The goal of float16 is to serve as a key for the executor to find and run the correct version of operator kernel compute method specialized for float16. It should be compatible with half on cuda, __fp16 on ARM, and Eigen::half on Eigen to make writing customized float16 kernels easier.

Implementation

The float16 class holds a 2-byte uint16_t data internally.

struct float16 {
  uint16_t x;
};

float16 supports the following features:

  • constructors / assignment operators that take input from primitive data types including bool, integers of various length, float, and double.
  • constructors / assignment operators that take input from half on cuda, __fp16 on ARM, and Eigen::half on Eigen.
  • conversion operators to primitive data types and half precision data types on cuda, ARM and Eigen.
  • overloaded arithmetic operators (e.g., +, -, *, /) for cuda, arm, and non-arm cpu, respectively. These operators will take advantage of the cuda and ARM intrinsics on the corresponding hardware.
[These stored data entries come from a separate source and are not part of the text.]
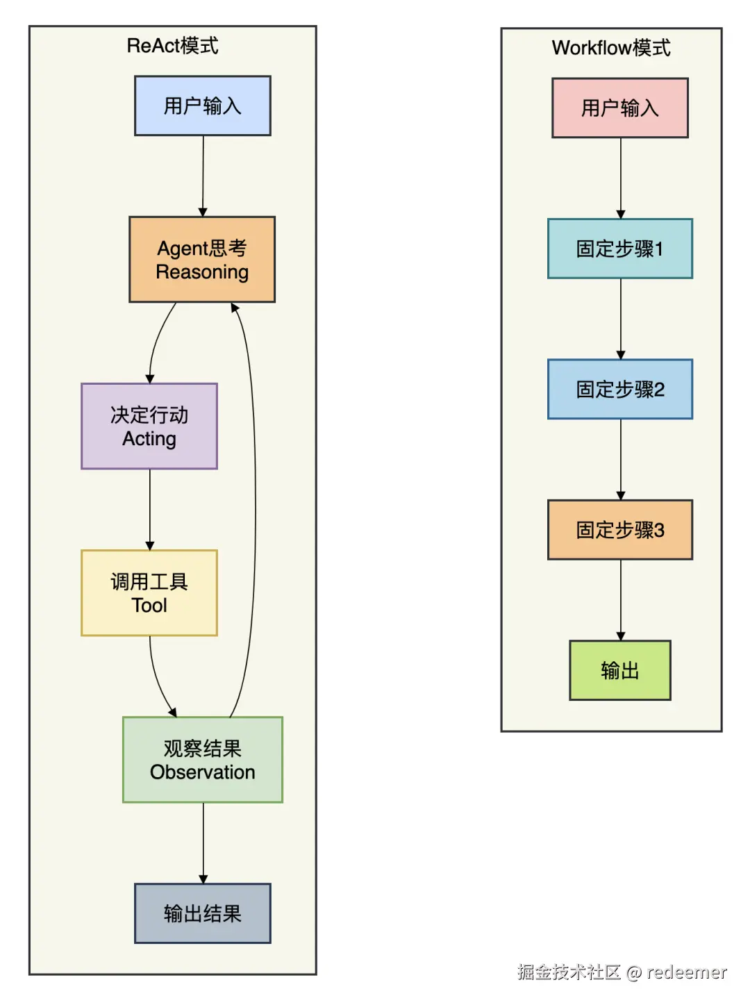 Workflow模式下,开发者需要提前把每一步写死——先查数据库、再调API、最后组装返回。这就像给AI戴上“镣铐”,当业务逻辑变复杂时,维护成本激增,而且无法享受大模型持续进化带来的能力提升。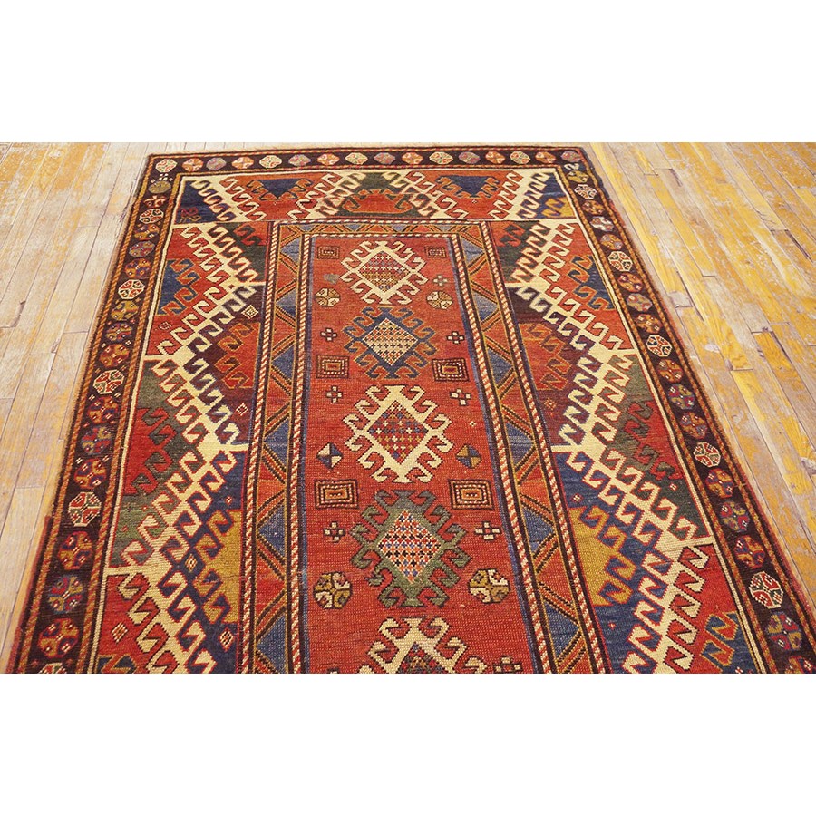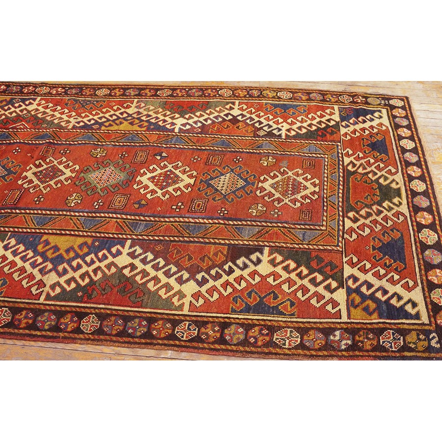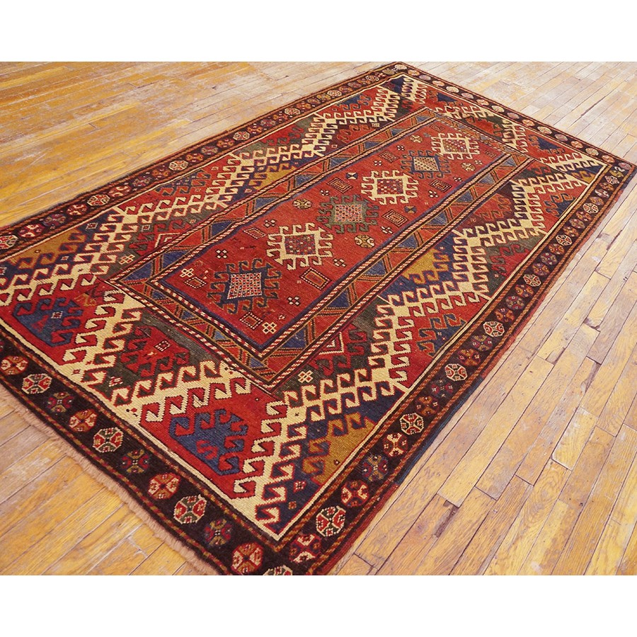 DescriptionCaucasianThis is the general heading for all rugs made in the Caucasus mountains and in the trans-Caucasus areas, north of the Arax River, and between the Black and Caspian Seas. This includes rugs from the Kazak, Karabagh, Gendje, Koghan, Talish, Akstafa, Shirvan, Baku, Kuba and hesghi districts and the variants and subtypes thereof. The rugs are usually in scatter sizes and of all wool construction, with bold colors and geometric patterns, from the 18th through 20th centuries. Prices range widely depending on rarity, color, design and condition. A strong collector market exists for the better examples. CaucasianThis is the general heading for all rugs made in the Caucasus mountains and in the trans-Caucasus areas, north of the Arax River, and between the Black and Caspian Seas. This includes rugs from the Kazak, Karabagh, Gendje, Koghan, Talish, Akstafa, Shirvan, Baku, Kuba and hesghi districts and the variants and subtypes thereof. The rugs are usually in scatter sizes and of all wool construction, with bold colors and geometric patterns, from the 18th through 20th centuries. Prices range widely depending on rarity, color, design and condition. A strong collector market exists for the better examples. | |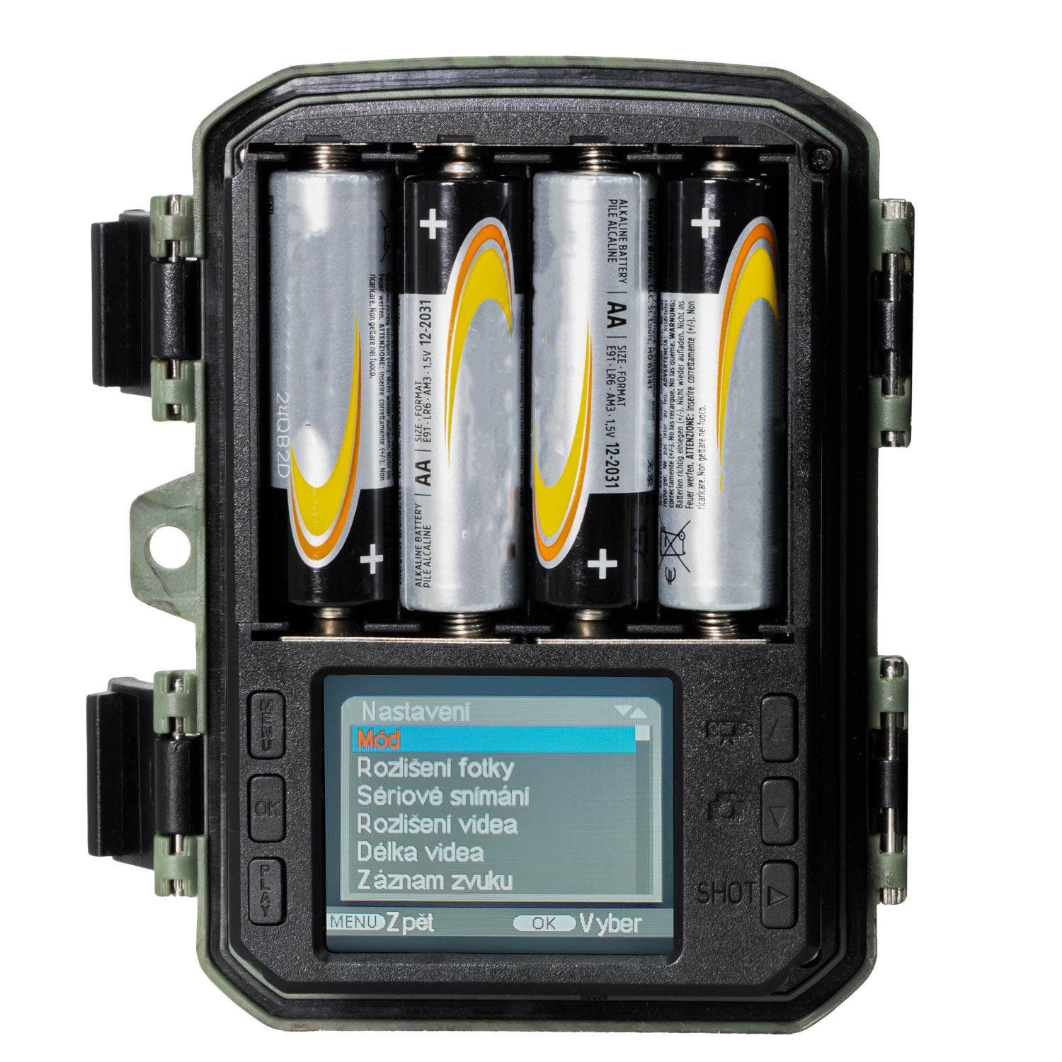 Velkým benefitem je plně lokalizované menu v češtině, díky čemuž je nastavení intuitivní a bez nutnosti studovat manuál. Ovládání probíhá přes /b> 2" barevný LCD displej, který zobrazuje živý náhled i náhled pořízených fotografií a videí. Díky jednoduchému rozhraní zvládne zařízení používat každý – od myslivců po správce objektů. Přístup k nastavení záznamu, režimů, časovače nebo kvality záznamu je okamžitý. Záznamy lze přehrávat přímo na displeji, což šetří čas při kontrole dat. Kamera podporuje také časosběrné (time-lapse) snímání, které lze využít např. pro sledování růstu plodin nebo stavby. Vše je navrženo pro snadnou obsluhu v terénu bez složitostí.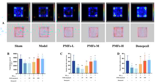 The Open Field test was used to assess exploratory, locomotor, and anxiety-like behaviors in mice [31]. Mice in the sham group displayed robust physical activity, frequent entries into the central area, and a prolonged cumulative duration there, indicative of strong exploratory behavior and a healthy mental state. In contrast, the model group showed significant reductions in the total distance moved, the frequency of entries into the central area, and the time spent exploring the central area compared to the sham group (p < 0.05, p < 0.01, and p < 0.05, respectively) (Figure 5). The high-dose PMFs and positive drug groups showed significantly improved behavioral abnormalities in AD-like mice, as Figure 5 shows.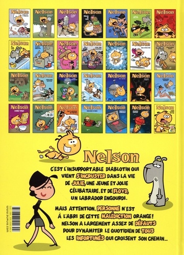 Nelson, c'est l'insupportable diablotin qui vient s'incruster dans la vie de Julie, une jeune et jolie célibataire, et de Floyd, un labrador engourdi. Mais attention, personne n'est à l'abri de cette malédiction orange ! Nelson a largement assez de défauts pour dynamiter le quotidien de tous les infortunés qui croisent son chemin...
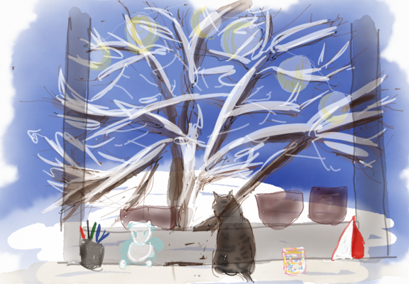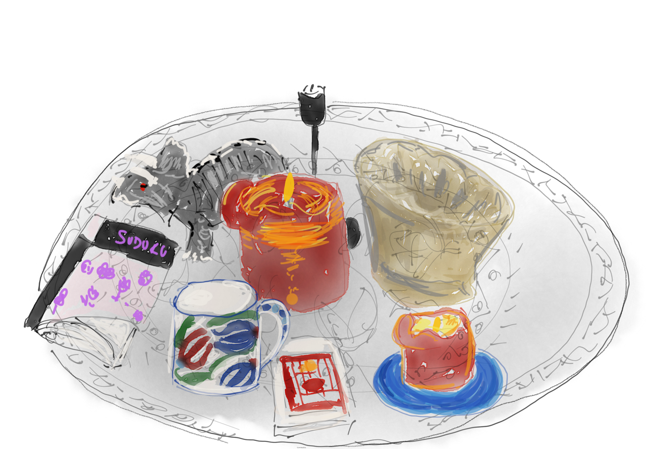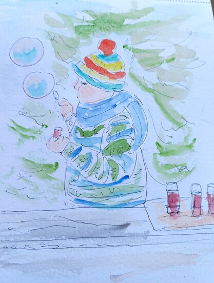 #SundaySketch Bubbles in the garden , view from the balcony with blanket . I used a tiny bit of my Earl grey rooibos as water cause I was too lazy to go fetch some from the kitchen .
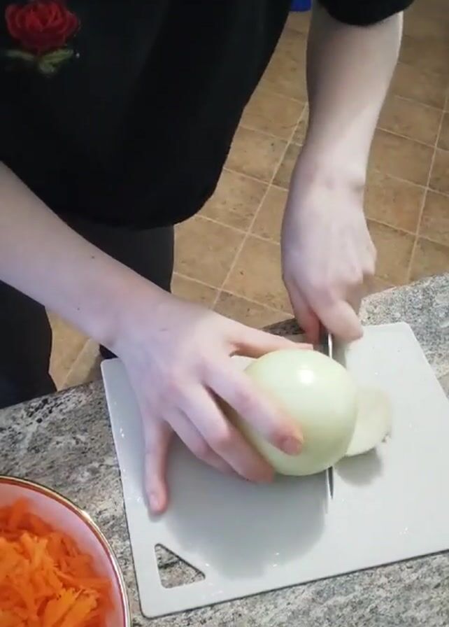 Here's a concise description of the video: A woman is in a kitchen, preparing food. She's wearing a black shirt with a red rose design, gray leggings, and black socks. She cuts the top off a white onion on a white cutting board. Next to the cutting board is a bowl of shredded carrots. She stops to look at the camera, puts on glasses, then walks away from the counter. The kitchen has brown and beige patterned flooring.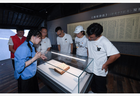 6月17日,党员在讲解员的带领下参观“红色报刊史料研学中心”。当日,“红色报刊史料研学中心”在浙江省杭州市富阳区大源镇蒋家村正式启用。该中心展陈包括《新青年》《觉悟》《新潮》《湘江评论》等在内的100余种报刊史料,引导观众了解中国共产党党史及相关重大事件、重要会议、重要人物等。 新华社记者 徐昱 摄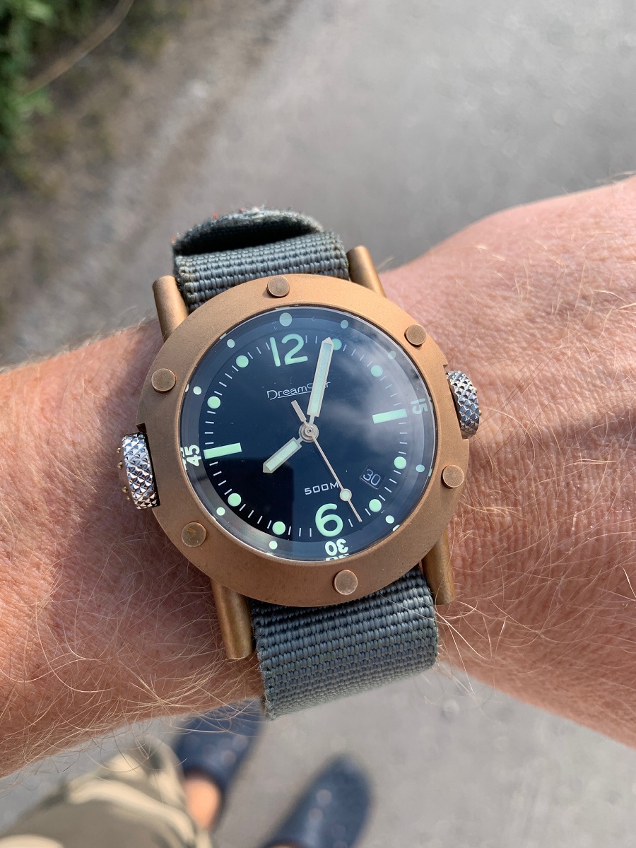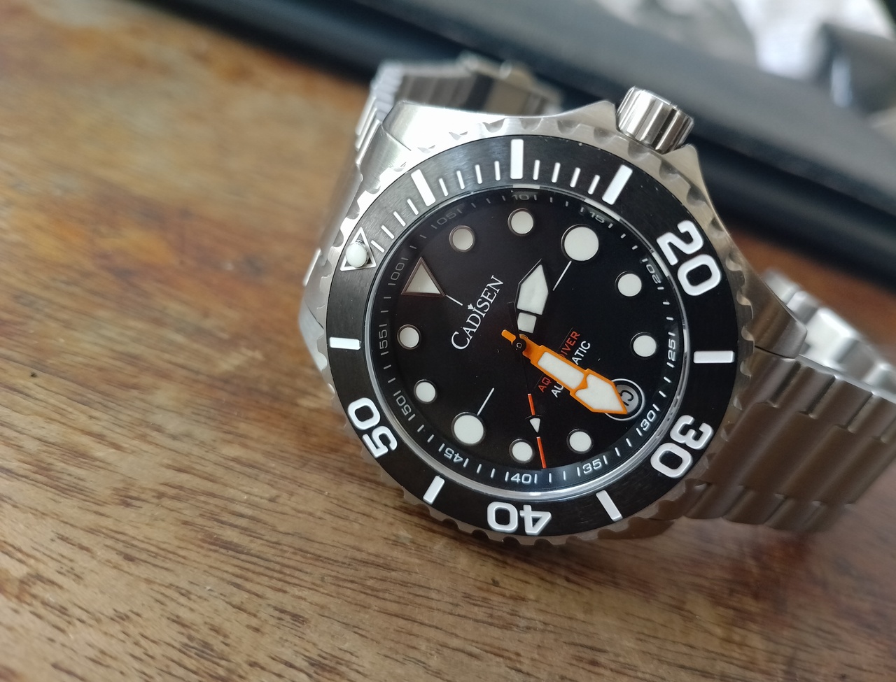 Привет часоголикам! Приехали ко мне мои Cadisen AquaDiver (homage Helm Komodo). За цену 5789 р., что они мне обошлись, считаю, что часы - прелесть. Стекло - сапфир, водо-защита 100м, нержавейка, безель односторонний (чуть люфтит, крутится очень легко со щелчками в одну сторону), браслет удобный, длинный (пойдёт на любую руку, снял пару звеньев), заводная головка большая, ухватистая, удобная, завинчивается долго на несколько витков (оборота 4). За эту цену нет претензий, если бы стоили чуть дороже, наверное, придрался бы к люму, он довольно хреноватый, синего цвета, в остальном от часов только положительные эмоции. Точность хода замерил - +20сек - что для меня не критично (хорошо, что спешат, если бы отставали, тогда бы было хуже). Сразу хочу сказать, часы маленькие 40мм, на моей медвежьей лапе в 19,5см смотрятся довольно маленькими, я привык носить 43-45-48мм; 40мм, конечно, маловаты, но для среднего и маленького запясться будут в самый раз. Интересное расположение окошка даты на 6-ти часах мне понравилось, у меня раньше таких не было, все часы - дата на 3-х часах. Очень неплохие часики с довольно оригинальным дизайном (хоть и хомаж на Хелм Комодо) на лето, да и не только - прелесть, под рубашку и под рукав отлично прячутся.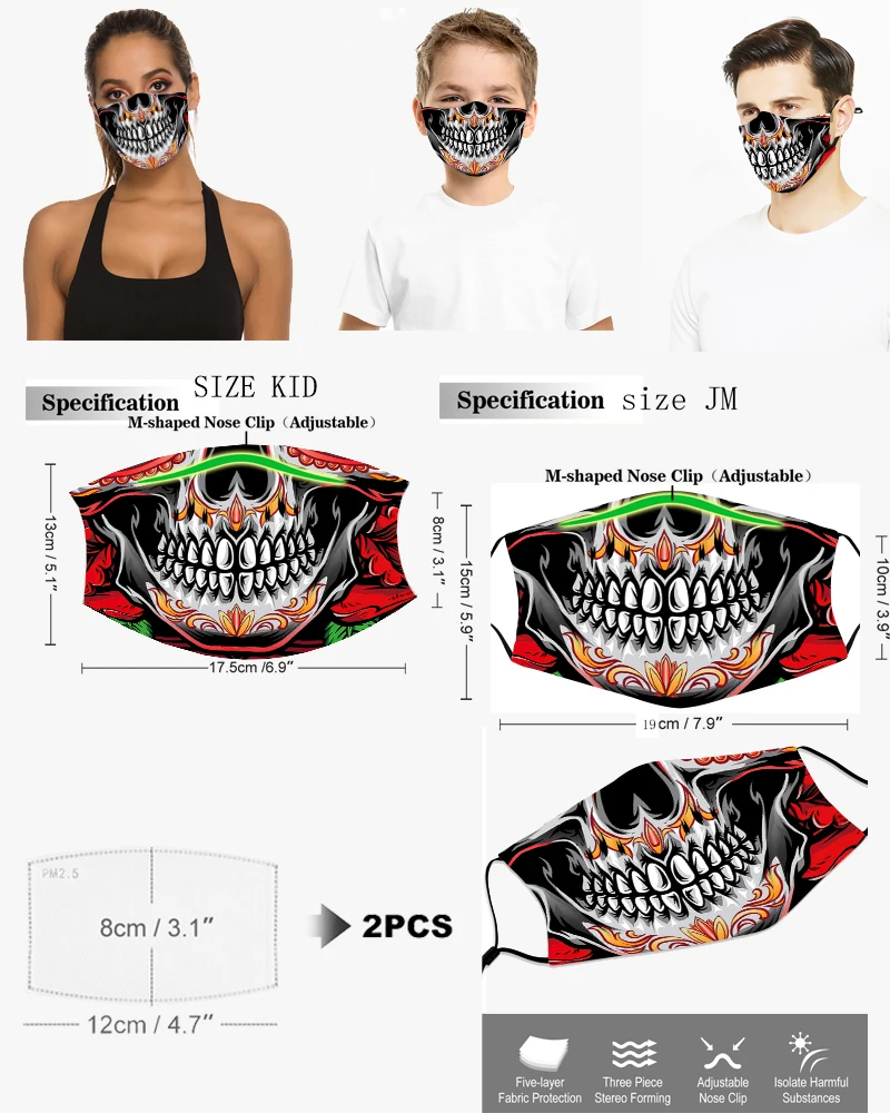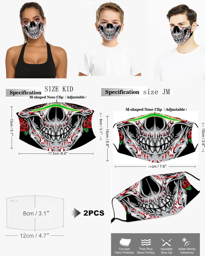 Маски с мультяшным черепом для взрослых, многоразовые моющиеся тканевые маски с фильтрами для ролевых игр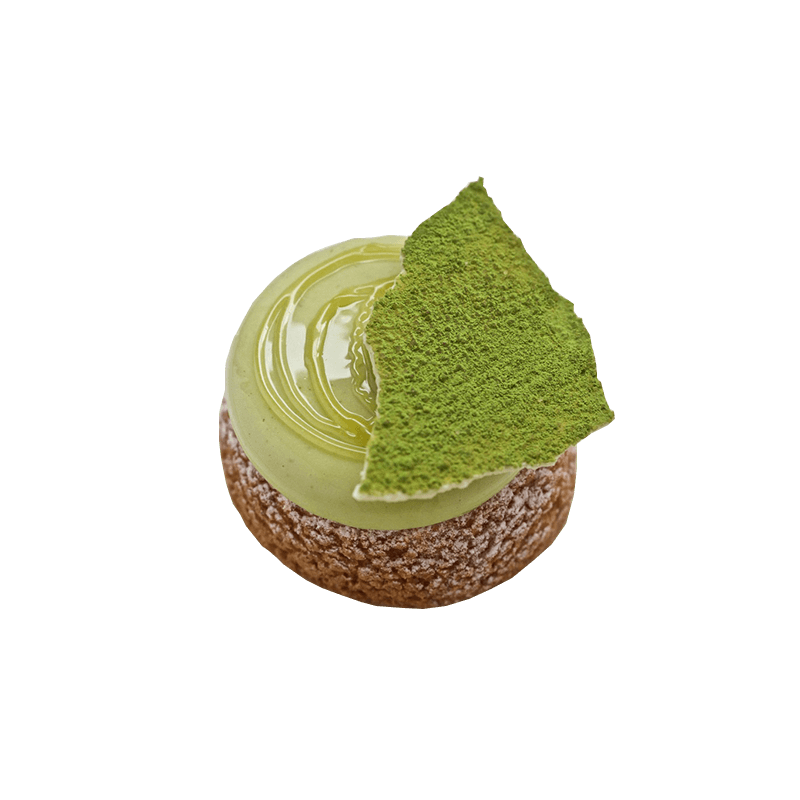 Pâte à choux, craquelin, crème diplomate vanille de Madagascar, feuille chocolat blanc, confit citron vert, crémeux citron vert-basilic.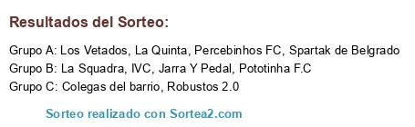 Lista de participantes: La Squadra, Percebinhos FC, Colegas del barrio, La Quinta, Robustos 2.0, Los Vetados, Spartak de Belgrado, Jarra Y Pedal, Pototinha F.C, IVC.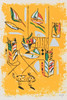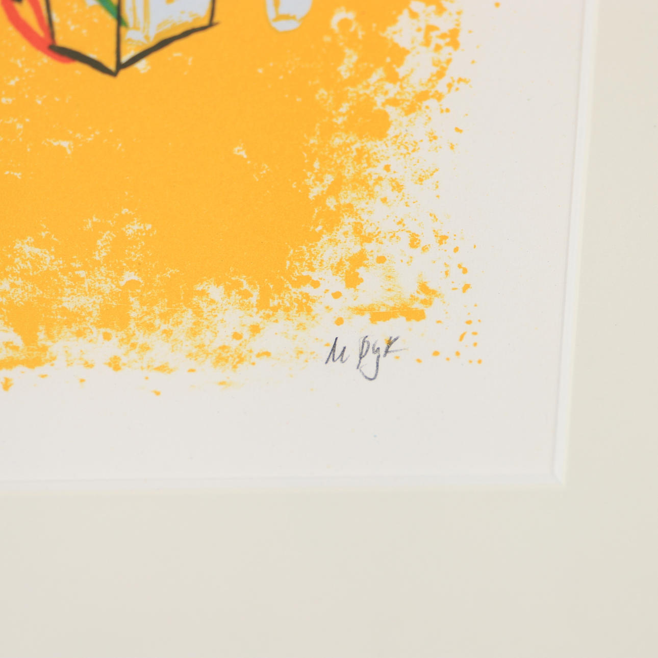MADELEINE PYK. Composition with cats, color lithograph, signed M. Pyk.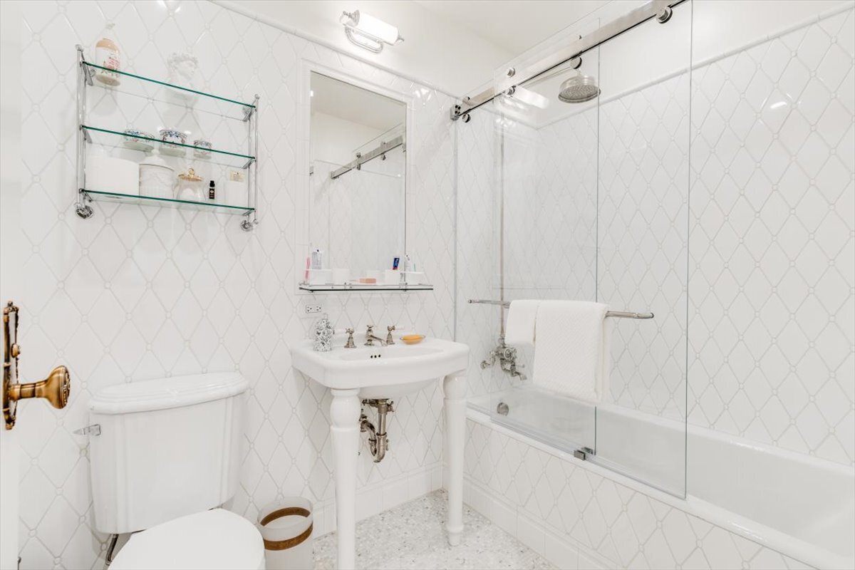 Enter through the building’s private, resident-only entrance and grand attended lobby. A gracious foyer and classic herringbone floors set the tone, leading to a spacious living area and a beautifully appointed, windowed chef’s kitchen. Outfitted with top-of-the-line Viking and Miele appliances, Nero Marquina stone countertops, and Calacatta marble mosaic backsplash, the kitchen is designed to impress.

To support the above features, two fundamental conversion functions are provided:

float16 float_to_half_rn(float f);  // convert to half precision in round-to-nearest-even mode
float half_to_float(float16 h);

which provides one-to-one conversion between float32 and float16. These twos functions will do different conversion routines based on the current hardware. CUDA/ARM instrinsics will be used when the corresonding hardware is available. When the hardware falls back to non-ARM cpu, software emulation will be performed to do the conversion.

To do

After float16 class is available, some of the future items are below:

  • Update pybind/tensor_py.h to bind c++ float16 with numpy float16.

  • Modify IndicateDataType() method in framework/operator.h to make it compatible with float16.

  • Create a type-casting operator that can convert the data type in tensor between float16 and other types.